Is one of the rules. |
Oh never mind. Didn't implement it lol:
It's a todo |
This will be a good exercise to do - define the unicode char classes in a separate file as token macros and use that to define identifiers |
Yes, I thought that much. |
https://www.unicode.org/Public/UNIDATA/UnicodeData.txt Has the definitions. Should be easy to produce private token definitions from this - at least upto FFFD. Looks like now unicode is more than 16bits :( Javacc don't support that yet. |
Initial version! Also added test in my mother tongue (Telugu) lol: "SELECT 1 ఒకట;" |
I must confess that I am not able to differentiate between Thai, Khmer, Lao and Telugo. |
It's Telugu - spoken in the south east state of Andhra Pradesh in India which is where I'm from originally (though now I'm basically a native Californian - after 30 years lol) |
Thats a lot of Tokens!
|
Hmm where did you get that from? See my PR - I just massaged the UnicodeData.txt file (attached above) and produced char sets and ranges - exactly as defined in that unicode data file. They are not tokens. They are explicitly listed out along with comment so we know if there is a problem, we can check easily. Look at unicode-identifiers.txt file in my PR |
Like I mentioned earlier, for this project I want to make spec compliance and easy verification of the spec is what I'm going for. |
I did that and I found that every single Character is defined one by one (unless I am completely lost again). Of course it is correct and pure, but you can achieve the same by defining ranges (instead of token by token). |
It's not that big - only 22k. Also they are character lists why are you displaying char lists as tokens there are only 6 local tokens - like Ll, Lu, Lo etc. So the tool processing this grammar should do a better job lol. Or we can strip out the comments if grammar loading is a problem. |
No that could be bug prone. But if you want to do that, write a preprocessor that takes this file and compacts into ranges before the concatenation.
|
The TEXT file is 1.5 MB and without mangling it will end like that in the Grammar (where it will be translated into 1 single token of course.
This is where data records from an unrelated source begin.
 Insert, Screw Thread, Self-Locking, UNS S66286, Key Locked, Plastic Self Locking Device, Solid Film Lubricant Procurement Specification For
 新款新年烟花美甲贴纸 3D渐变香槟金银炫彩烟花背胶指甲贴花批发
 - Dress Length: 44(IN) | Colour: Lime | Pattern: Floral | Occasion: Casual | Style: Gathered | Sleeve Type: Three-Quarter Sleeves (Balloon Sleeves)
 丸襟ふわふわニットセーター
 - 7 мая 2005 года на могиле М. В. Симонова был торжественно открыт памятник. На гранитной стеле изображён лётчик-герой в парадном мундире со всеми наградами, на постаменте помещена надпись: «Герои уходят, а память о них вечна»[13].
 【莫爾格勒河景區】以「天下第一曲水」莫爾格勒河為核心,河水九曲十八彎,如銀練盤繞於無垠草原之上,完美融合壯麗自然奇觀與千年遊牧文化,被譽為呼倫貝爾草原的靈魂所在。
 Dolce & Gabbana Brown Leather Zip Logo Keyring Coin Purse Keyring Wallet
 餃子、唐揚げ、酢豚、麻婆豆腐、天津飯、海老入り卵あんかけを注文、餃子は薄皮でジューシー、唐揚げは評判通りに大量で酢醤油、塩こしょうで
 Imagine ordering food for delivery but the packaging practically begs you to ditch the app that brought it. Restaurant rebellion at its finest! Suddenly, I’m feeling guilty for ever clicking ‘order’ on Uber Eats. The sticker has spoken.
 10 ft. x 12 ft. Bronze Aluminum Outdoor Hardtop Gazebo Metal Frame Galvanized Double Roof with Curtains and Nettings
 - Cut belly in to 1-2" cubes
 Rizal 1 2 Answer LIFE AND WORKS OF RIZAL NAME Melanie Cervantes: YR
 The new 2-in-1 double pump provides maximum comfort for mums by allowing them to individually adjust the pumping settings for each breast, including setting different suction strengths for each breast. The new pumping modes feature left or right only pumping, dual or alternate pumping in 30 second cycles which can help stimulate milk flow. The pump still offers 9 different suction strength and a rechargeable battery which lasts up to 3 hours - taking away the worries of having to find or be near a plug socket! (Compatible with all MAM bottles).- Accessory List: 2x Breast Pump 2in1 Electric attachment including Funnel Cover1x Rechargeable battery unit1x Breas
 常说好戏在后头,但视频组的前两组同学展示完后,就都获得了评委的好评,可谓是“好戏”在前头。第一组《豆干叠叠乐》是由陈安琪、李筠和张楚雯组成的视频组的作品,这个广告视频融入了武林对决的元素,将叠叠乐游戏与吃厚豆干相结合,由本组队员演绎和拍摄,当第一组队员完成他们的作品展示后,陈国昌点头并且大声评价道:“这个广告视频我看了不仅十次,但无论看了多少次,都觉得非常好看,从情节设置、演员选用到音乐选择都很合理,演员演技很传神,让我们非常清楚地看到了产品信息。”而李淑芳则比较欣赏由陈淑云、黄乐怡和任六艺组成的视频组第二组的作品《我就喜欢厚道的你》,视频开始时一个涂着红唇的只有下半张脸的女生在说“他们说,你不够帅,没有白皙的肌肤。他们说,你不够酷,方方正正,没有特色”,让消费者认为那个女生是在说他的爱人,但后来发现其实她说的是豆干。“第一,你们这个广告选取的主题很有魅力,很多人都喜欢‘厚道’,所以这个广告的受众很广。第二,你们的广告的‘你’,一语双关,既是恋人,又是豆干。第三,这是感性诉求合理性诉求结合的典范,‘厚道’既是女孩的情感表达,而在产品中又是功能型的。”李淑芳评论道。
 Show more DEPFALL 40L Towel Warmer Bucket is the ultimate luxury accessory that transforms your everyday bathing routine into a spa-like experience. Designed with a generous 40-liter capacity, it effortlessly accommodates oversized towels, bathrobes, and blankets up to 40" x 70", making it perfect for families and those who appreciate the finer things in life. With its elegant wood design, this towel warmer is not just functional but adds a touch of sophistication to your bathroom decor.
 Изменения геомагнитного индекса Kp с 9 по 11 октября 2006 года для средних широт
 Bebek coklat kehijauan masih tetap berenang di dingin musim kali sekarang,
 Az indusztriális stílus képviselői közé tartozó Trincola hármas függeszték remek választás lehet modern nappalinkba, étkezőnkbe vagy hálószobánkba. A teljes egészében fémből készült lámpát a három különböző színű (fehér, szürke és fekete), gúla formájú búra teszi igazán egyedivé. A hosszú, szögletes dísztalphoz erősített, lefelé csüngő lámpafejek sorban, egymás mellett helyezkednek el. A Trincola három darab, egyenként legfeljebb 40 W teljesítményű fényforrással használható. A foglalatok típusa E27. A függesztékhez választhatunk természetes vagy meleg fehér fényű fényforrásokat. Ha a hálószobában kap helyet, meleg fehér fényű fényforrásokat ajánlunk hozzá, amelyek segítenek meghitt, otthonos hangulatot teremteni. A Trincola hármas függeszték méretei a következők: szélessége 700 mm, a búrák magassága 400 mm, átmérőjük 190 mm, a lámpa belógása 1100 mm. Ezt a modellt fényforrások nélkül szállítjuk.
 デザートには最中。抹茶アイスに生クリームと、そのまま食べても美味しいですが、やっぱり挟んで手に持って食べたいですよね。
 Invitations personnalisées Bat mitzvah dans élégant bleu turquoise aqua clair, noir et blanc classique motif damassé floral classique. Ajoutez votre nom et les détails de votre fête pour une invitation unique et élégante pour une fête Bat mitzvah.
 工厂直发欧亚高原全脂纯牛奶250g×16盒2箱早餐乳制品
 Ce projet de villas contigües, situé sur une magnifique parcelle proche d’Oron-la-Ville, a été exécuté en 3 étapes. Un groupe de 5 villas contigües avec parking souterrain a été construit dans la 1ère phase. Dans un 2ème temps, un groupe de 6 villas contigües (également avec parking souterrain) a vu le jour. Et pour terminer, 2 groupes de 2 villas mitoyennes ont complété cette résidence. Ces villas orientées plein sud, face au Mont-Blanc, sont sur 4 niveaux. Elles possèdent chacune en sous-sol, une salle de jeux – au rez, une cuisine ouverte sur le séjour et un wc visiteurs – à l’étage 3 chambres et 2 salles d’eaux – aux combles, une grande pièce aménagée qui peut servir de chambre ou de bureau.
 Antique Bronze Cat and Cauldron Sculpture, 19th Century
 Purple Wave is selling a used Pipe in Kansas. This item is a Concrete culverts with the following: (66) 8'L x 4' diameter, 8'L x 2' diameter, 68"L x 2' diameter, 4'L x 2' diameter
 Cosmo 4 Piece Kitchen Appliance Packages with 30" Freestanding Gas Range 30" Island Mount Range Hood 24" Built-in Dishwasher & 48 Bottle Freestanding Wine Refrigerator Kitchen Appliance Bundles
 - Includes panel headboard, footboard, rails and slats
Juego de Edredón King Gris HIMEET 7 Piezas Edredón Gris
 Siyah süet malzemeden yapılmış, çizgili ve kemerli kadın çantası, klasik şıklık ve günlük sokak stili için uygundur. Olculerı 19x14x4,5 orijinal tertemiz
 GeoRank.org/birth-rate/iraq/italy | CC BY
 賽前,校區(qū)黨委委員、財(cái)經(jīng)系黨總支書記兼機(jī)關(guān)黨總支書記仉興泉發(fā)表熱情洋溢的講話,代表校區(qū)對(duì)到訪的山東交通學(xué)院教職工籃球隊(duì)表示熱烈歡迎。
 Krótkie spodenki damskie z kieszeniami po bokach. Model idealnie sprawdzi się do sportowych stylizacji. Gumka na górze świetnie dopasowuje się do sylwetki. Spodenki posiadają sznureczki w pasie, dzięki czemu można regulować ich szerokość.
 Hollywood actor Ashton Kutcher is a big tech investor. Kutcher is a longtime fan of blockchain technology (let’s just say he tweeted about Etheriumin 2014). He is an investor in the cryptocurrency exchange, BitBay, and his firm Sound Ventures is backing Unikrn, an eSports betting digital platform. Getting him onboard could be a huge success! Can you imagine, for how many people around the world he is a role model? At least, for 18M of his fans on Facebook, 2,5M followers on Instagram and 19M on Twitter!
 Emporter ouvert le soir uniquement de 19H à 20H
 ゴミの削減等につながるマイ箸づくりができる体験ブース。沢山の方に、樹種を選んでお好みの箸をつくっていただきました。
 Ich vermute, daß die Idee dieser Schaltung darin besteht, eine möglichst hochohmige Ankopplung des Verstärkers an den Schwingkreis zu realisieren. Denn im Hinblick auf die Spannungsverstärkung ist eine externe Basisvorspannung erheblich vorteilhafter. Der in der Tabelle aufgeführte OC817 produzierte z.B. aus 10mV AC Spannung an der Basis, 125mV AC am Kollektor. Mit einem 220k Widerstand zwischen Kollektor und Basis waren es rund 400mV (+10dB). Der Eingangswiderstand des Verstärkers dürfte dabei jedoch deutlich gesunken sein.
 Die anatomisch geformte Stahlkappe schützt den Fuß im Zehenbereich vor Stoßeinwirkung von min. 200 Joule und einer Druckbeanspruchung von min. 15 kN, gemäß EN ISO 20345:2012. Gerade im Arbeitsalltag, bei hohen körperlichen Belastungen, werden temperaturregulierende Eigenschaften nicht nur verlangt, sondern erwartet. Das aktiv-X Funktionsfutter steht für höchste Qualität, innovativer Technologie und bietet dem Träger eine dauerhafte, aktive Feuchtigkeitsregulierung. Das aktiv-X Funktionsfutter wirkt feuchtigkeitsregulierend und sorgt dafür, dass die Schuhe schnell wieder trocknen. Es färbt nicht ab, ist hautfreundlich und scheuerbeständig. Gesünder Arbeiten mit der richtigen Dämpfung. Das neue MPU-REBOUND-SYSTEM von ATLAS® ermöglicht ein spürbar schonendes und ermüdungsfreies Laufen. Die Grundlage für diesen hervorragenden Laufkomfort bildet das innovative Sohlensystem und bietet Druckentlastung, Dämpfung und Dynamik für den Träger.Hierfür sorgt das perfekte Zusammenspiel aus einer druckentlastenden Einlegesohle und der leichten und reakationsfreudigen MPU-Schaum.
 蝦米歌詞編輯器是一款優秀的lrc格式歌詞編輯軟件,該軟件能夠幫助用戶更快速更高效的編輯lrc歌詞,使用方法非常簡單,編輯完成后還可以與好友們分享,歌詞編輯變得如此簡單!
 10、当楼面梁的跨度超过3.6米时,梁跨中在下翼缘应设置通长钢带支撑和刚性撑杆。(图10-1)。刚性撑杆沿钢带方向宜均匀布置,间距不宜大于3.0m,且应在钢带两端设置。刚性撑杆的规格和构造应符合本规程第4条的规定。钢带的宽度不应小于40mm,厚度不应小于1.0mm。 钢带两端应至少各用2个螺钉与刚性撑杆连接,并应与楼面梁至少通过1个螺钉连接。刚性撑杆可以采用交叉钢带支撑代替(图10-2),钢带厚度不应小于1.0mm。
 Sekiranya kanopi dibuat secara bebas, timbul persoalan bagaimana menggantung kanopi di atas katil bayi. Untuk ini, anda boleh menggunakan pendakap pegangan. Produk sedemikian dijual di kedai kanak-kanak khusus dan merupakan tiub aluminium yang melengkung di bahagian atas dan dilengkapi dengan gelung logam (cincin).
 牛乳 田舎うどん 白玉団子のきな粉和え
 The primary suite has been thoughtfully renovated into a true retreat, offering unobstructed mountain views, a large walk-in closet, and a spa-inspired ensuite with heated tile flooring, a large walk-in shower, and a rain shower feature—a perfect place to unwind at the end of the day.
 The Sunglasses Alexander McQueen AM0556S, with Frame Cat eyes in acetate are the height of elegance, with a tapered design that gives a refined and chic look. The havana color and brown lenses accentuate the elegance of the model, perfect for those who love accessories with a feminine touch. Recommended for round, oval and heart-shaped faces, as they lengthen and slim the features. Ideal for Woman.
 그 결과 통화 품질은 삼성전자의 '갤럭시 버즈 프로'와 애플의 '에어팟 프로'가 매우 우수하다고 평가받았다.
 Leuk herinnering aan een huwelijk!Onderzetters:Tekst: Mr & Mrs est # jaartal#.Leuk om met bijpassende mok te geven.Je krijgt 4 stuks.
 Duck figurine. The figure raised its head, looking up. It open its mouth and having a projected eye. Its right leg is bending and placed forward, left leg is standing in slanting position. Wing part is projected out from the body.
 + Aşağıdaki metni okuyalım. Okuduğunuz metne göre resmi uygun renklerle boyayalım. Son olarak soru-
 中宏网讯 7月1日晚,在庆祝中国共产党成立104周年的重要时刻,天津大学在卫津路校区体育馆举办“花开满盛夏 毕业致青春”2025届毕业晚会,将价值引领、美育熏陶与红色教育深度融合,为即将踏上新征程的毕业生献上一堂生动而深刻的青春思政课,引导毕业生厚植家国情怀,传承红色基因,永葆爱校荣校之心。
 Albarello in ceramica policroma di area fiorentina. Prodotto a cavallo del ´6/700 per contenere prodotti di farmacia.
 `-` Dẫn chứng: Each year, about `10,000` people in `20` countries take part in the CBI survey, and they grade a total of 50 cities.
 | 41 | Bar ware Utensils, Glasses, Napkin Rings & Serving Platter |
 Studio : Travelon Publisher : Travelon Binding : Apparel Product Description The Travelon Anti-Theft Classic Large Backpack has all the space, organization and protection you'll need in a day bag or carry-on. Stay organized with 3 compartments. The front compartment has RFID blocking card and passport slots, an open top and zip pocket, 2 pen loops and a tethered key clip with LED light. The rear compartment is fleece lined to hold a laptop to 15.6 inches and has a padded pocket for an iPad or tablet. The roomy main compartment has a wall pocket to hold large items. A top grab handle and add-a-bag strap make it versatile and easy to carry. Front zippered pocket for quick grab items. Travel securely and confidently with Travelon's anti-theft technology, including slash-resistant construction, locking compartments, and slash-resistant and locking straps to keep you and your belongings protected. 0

My use of the term Although I don't understand why we don't want to provide ranges as per Unicode Page -- but that's rather a matter of taste and not debatable. |
This one: https://jrgraphix.net/r/Unicode/ |
There is no easy way to find the ranges in general. But it should be easy to do in your document ganerator! When there are charlists, you compact them for display purposes. |
That's not enough. You need Lu, Li etc as defined for each of those separate languages in the Unicode data txt file I attached. Also this is not the official spec so can't use that lol. |
Some ranges are commented out already?
Certainly Mr. Erdogan won't be too happy about that, but I would like to understand the idea behind please. |
Unfortunately JavaCC cannot handle more than 2 byte characters :( > 0xffff (or "\uffff") won't work. |
Ok, I get that. Although, for me this is not the hill to die upon. |
This new unicode spec is relatively new and I don;t think anyone supports it yet properly (not sure if Java even supports it - haven't checked). If/when Java supports it, we can extend JavaCC to do that as well.
👍🏾 |
Yes, lets turn that into a selling point: "The only OSMANYA supporting SQL Parser in the world!". :-D |
Somewhat related - the spec does not allow digits/numbers from other languages!
|
In my opinion, this makes a kind of sense since the Database would need to calculate with the Numbers eventually. |
In case anyone else may want to use it. ./unicode.sh Downloads/unicode-identifiers.txt I kept it verbose for debugging purpose. We can remove the noise when verified. Edit: image working on a parser and not knowing how large |
Checkout the PR again - I added an awk script (lol) to fix up the char ranges. We should add a test that it actually captures all the unicode chars in all the ranges properly. Now we have < 500 ranges. |
Good Morning, thank you for investing into this. Unfortunately your script are@archlinux ~/D/s/p/p/grammar (unicode-support)> ./prepare-javacc-grammar.sh awk: ./compact_char_sets.awk:3: warning: regexp escape sequence `\"' is not a known regexp operator awk: ./compact_char_sets.awk:16: (FILENAME=- FNR=4) warning: regexp escape sequence `\u' is not a known regexp operator
I have compared the output and we achieve more or less the same. Main difference is the segregation into Unicode Categories. With categories, more ranges. Without ranges, more compact output. Although my AWK skills are extremely poor, I have 3 comments: Confirmed, when I found the generated file. All good.
So my recommendation was to a) check-in the script and b) check-in the Compacted Unicode Files as well and to use that as per default. It should literally never change. Although I feel I am digressing here. One more thing: If we start pre-pre-processing with AWK scripts now, should we not better operate based on the official source https://www.unicode.org/Public/UNIDATA/UnicodeData.txt instead based on the intermediate unicode-identifiers.txt? |
I have rebuilt the ranges based on https://www.unicode.org/Public/UNIDATA/UnicodeData.txt, using the "L" category only.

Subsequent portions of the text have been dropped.